4-7「西条憐治」


 佐祐里と望は西条家の手前で桐葉たちと別れた。駆け寄ってきた飼い犬の相手をしてやってから、擦りガラスの玄関の引き戸を開ける。


「ただいま帰りました!」

「お邪魔……します……」


 普段より元気な声で帰宅を告げる佐祐里に続いて、望が恐る恐る中に入る。


「望くん、ほら違うでしょう?」


 佐祐里が望の顔の前で人差し指を立てる。


「う……た、ただいま帰りまし……た」


 望が隣町で見出されてから留学までのニか月近く西条家で身柄を預かっていた。帰国してからも引き続き住むことになっている。つまりここが今の彼の家である。

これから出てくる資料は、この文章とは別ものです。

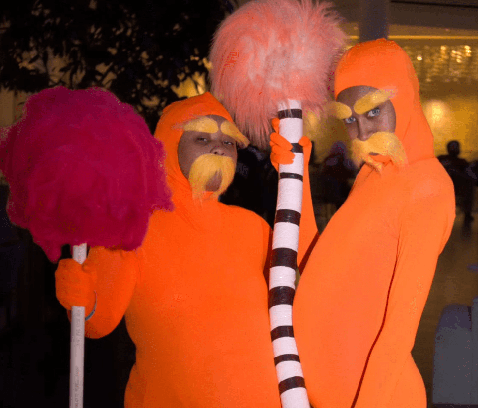 Two students humorously dress as the Lorax on Halloween, wearing matching outfits and holding Truffula trees. Photo courtesy of @twizsilver/Instagram
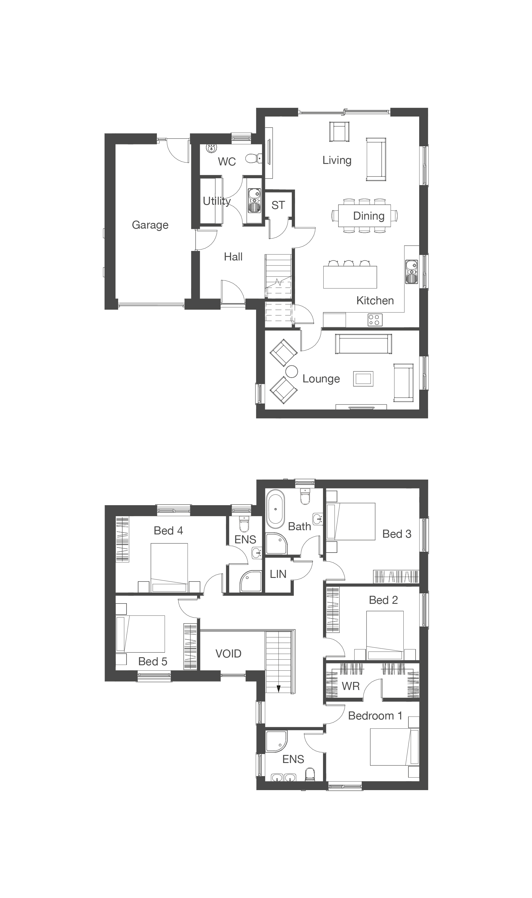 of your new home. And, as seen in our show home, internal doors are painted black with black ironmongery and feature black stair spindles.
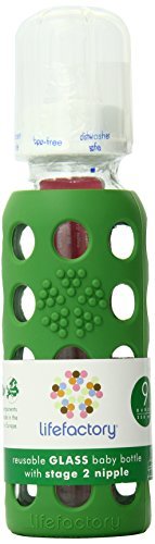 Lifefactory 9-Ounce BPA-Free Glass Baby Bottle with Protective Silicone Sleeve and Stage 2 Nipple, Grass Green
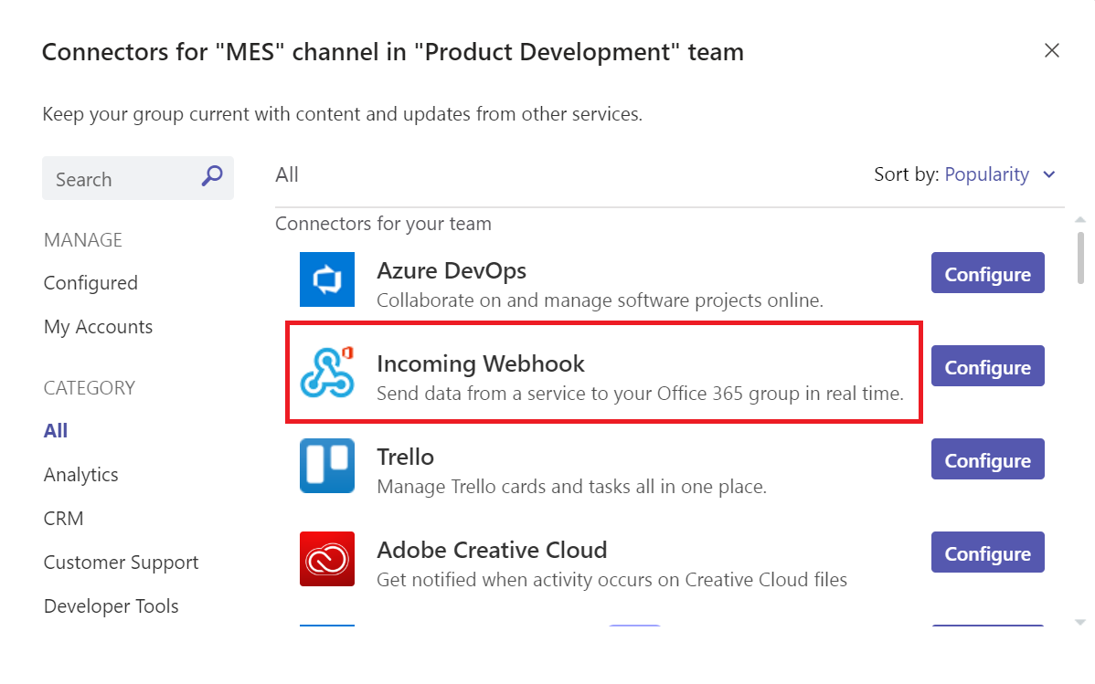 - Select Incoming Webhook and press Configure.
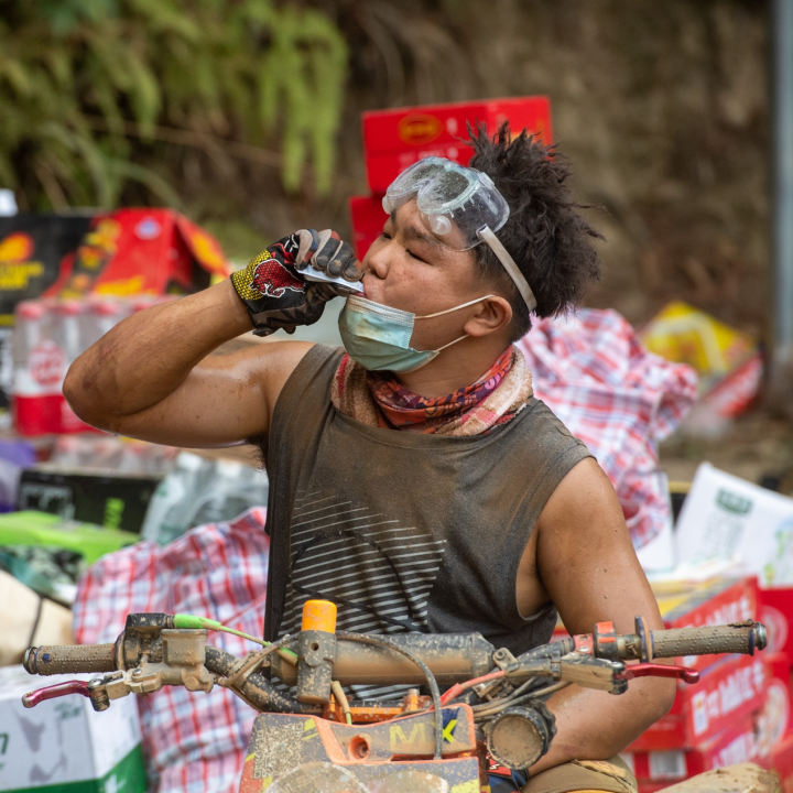 越野摩托拼盡全力也只能到達“隔離帶”下端,當我滿身泥漿地下車后,才發現現場的每一個人都是一身泥濘,這里的每一名救援人員都摔過,但沒人抱怨,也沒時間耽擱。身后那巨大的油門聲音再次響起,騎手一個瀟灑的原地掉頭,瞬間消失在濺起的塵土中。
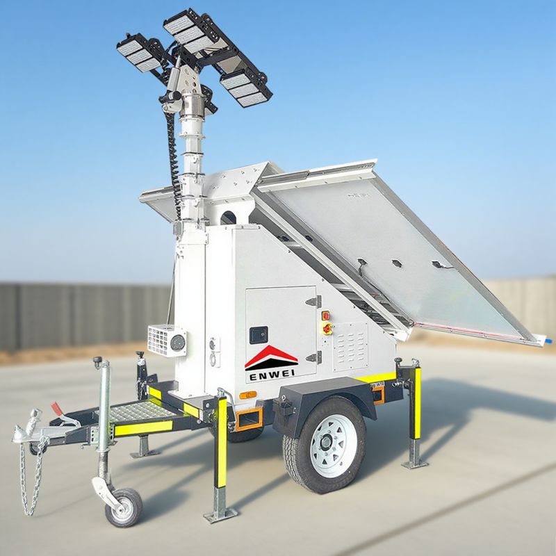 移動式ソーラー照明トレーラーは、優れた耐久性と適用性を持っています。移動式ソーラー照明トレーラー全体は、7メートルの電動マスト、単結晶ソーラーパネル、ゲルバッテリー、冷間亜鉛メッキマスト、耐摩耗性タイヤ、トレーラーシャーシで構成されており、移動式ソーラー照明トレーラーの全体的な使いやすさを保証します。
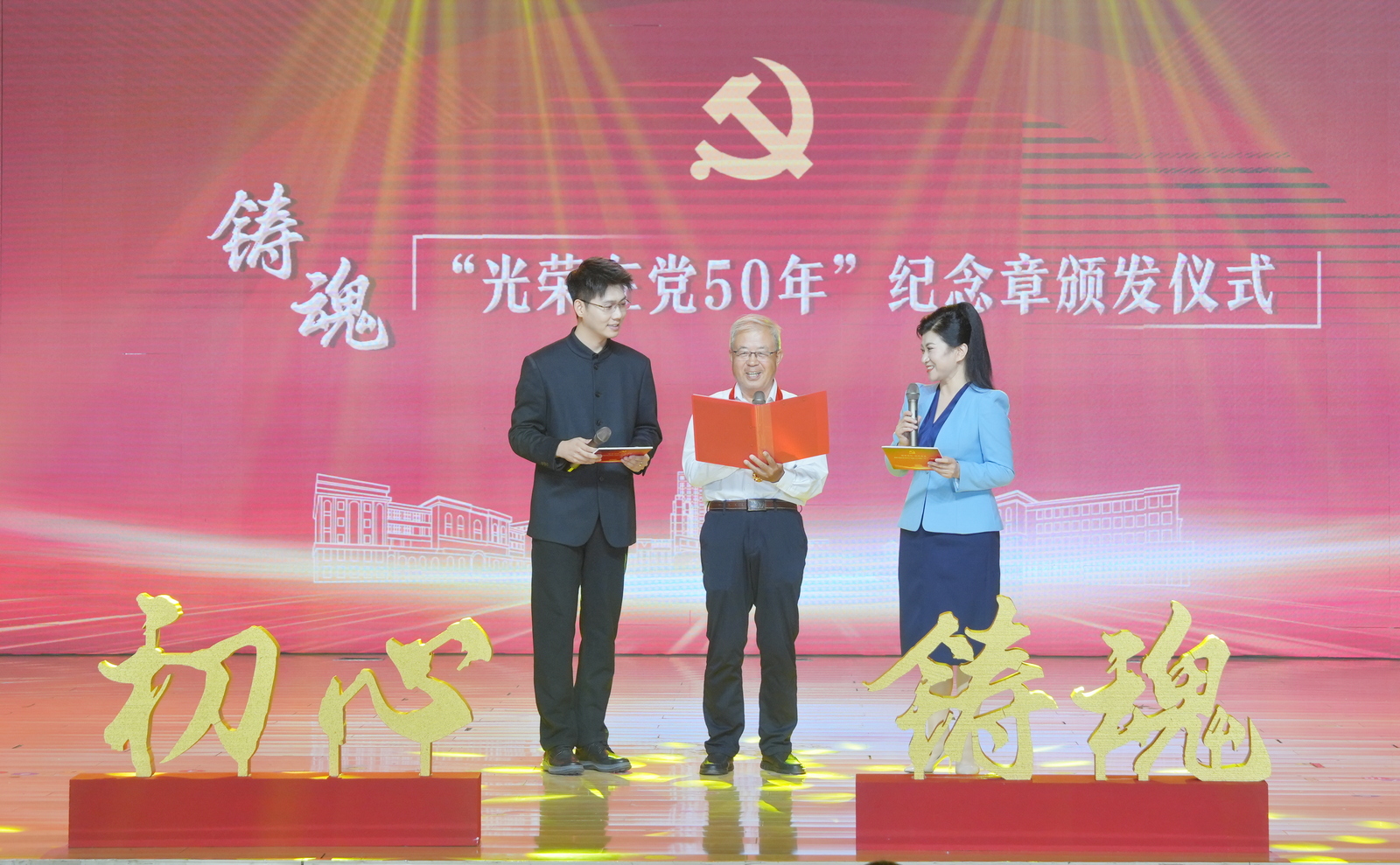 党委副书记、校长赵长林为“光荣在党50年”的老党员代表颁发纪念章。

 望はゆっくりとキャリーバッグを押して進む。床のタイルを傷つけまいとするような慎重さだった。実際の所、床もバッグの車輪もその程度で傷つくような安物ではない。単に傷や音に配慮しているというだけでなく、少しでも床へ上がるのを遅らせようとしている……と佐祐里は感じた。


「帰ったか」


 居間から少年が顔を出した。西条憐治さいじょう れんじ。佐祐里の弟の中学一年生。薄茶に染めた短めの髪には三角巾が巻かれ、体の前面には青いエプロンを着けている。


「ほら、早く上がれ」

「あっ」


 憐治は望のバッグと紙袋を奪うようにして掴んで持ち上げた。有無を言わせぬ早さだった。木張りの床に予め敷いておいた新聞紙の上に荷物を置くと、憐治は戸を開け広げながら居間へ戻る。


「腹はどうだ」


 佐祐里たちを振り向く。佐祐里は先に床に上がると、なおも逡巡する望に手を差し出していた。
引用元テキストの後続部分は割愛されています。